Records from a data source
- - - - - - -

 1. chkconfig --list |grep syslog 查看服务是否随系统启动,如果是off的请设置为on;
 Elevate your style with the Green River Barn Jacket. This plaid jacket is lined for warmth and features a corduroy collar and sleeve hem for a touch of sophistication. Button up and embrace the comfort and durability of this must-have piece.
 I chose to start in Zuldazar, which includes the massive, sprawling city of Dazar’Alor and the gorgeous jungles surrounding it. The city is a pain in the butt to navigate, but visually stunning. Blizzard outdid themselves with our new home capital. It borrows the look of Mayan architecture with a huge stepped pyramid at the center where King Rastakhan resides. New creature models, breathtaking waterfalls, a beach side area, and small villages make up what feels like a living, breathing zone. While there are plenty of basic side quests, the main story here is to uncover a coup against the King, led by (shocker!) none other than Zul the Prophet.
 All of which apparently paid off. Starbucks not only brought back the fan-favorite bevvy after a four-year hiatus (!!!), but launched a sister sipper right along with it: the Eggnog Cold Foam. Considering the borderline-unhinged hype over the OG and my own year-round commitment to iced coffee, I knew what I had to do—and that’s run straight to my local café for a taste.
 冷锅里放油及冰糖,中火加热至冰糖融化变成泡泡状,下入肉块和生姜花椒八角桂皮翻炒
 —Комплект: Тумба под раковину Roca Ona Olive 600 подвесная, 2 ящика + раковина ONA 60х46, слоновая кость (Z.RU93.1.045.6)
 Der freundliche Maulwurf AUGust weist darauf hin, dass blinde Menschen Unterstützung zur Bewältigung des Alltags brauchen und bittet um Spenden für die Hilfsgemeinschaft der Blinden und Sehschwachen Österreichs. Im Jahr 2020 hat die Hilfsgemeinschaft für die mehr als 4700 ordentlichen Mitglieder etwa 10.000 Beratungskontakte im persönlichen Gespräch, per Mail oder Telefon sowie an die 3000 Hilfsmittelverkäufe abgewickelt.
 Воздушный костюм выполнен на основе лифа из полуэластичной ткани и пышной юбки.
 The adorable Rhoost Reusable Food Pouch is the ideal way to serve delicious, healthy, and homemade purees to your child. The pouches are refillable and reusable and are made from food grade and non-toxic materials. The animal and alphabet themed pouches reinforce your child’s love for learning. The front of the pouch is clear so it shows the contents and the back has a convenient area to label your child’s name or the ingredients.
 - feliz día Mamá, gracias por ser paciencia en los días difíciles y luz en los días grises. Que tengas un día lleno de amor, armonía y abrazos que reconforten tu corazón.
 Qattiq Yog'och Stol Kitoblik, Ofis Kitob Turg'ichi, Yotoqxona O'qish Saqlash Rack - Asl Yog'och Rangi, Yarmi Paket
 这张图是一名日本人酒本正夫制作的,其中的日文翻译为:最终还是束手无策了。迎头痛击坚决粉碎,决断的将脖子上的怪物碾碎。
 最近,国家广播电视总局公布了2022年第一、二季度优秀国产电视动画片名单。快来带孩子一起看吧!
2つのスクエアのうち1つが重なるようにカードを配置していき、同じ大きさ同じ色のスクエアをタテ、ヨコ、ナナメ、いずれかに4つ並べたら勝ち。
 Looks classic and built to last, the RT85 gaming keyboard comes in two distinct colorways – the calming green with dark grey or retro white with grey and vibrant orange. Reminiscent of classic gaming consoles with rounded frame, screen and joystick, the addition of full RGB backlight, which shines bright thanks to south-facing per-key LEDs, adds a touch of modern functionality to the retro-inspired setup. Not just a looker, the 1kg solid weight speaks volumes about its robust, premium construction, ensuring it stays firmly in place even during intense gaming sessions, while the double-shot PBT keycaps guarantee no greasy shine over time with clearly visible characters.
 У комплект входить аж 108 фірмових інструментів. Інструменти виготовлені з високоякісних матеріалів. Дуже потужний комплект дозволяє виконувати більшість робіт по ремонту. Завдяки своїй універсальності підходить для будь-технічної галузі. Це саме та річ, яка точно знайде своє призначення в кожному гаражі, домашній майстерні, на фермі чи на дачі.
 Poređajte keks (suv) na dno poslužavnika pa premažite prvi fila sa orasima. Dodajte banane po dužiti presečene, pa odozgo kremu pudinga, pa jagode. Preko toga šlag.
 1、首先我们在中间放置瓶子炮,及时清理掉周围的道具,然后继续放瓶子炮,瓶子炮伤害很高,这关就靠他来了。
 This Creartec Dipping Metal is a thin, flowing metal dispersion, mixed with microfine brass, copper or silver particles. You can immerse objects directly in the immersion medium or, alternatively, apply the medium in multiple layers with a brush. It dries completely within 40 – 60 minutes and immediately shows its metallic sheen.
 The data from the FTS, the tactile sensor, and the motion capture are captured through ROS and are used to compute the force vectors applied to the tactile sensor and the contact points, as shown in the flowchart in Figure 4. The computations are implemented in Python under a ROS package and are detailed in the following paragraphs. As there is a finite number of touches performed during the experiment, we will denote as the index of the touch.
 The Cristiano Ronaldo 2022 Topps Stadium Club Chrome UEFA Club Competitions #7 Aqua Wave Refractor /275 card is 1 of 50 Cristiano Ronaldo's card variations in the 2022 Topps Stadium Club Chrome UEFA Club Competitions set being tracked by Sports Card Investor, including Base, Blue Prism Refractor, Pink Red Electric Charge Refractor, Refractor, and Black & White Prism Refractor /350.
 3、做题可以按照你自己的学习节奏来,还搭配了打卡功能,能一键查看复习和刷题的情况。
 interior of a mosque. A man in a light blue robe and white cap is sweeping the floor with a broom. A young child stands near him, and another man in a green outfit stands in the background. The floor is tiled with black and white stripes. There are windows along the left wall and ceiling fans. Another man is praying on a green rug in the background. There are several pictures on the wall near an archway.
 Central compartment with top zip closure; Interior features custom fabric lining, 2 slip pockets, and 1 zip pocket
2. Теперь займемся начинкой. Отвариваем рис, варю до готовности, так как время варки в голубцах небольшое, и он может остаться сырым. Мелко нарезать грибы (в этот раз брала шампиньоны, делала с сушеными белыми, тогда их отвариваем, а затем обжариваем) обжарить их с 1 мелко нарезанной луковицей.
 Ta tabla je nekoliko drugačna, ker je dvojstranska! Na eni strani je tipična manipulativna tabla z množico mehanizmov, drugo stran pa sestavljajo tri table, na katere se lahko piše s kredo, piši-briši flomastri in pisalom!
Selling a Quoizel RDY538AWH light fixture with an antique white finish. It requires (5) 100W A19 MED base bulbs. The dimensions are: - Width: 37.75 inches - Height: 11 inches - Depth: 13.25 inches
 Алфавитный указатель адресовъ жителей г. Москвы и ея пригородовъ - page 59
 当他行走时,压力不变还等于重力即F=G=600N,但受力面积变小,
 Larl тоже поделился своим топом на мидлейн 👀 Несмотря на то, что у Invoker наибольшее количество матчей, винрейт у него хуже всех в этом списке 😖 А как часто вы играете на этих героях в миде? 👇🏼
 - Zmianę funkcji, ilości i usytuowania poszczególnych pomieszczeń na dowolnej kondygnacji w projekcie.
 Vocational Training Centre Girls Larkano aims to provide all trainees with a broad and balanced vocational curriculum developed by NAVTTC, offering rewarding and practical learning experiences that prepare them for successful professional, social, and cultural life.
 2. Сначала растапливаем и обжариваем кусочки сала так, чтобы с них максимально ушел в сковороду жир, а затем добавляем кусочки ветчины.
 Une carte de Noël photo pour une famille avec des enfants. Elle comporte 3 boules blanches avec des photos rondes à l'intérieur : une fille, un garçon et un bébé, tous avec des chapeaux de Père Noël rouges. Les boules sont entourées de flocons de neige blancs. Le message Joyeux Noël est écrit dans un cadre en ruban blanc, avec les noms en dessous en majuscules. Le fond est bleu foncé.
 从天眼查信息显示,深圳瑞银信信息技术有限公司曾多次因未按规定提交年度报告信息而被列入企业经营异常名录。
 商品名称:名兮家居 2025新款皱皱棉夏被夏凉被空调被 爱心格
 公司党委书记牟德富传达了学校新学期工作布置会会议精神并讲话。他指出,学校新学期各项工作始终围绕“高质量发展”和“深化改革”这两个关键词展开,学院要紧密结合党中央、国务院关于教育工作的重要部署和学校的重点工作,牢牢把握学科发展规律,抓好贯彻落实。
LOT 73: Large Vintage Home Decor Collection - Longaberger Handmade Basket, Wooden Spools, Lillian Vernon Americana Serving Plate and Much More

- - - - - - -

Given the records above, return exactly the lines starting at the line containing "Ta tabla je" and ending at the line containing "2. Сначала растапливаем", including both.

 Ta tabla je nekoliko drugačna, ker je dvojstranska! Na eni strani je tipična manipulativna tabla z množico mehanizmov, drugo stran pa sestavljajo tri table, na katere se lahko piše s kredo, piši-briši flomastri in pisalom!
Selling a Quoizel RDY538AWH light fixture with an antique white finish. It requires (5) 100W A19 MED base bulbs. The dimensions are: - Width: 37.75 inches - Height: 11 inches - Depth: 13.25 inches
 Алфавитный указатель адресовъ жителей г. Москвы и ея пригородовъ - page 59
 当他行走时,压力不变还等于重力即F=G=600N,但受力面积变小,
 Larl тоже поделился своим топом на мидлейн 👀 Несмотря на то, что у Invoker наибольшее количество матчей, винрейт у него хуже всех в этом списке 😖 А как часто вы играете на этих героях в миде? 👇🏼
 - Zmianę funkcji, ilości i usytuowania poszczególnych pomieszczeń na dowolnej kondygnacji w projekcie.
 Vocational Training Centre Girls Larkano aims to provide all trainees with a broad and balanced vocational curriculum developed by NAVTTC, offering rewarding and practical learning experiences that prepare them for successful professional, social, and cultural life.
 2. Сначала растапливаем и обжариваем кусочки сала так, чтобы с них максимально ушел в сковороду жир, а затем добавляем кусочки ветчины.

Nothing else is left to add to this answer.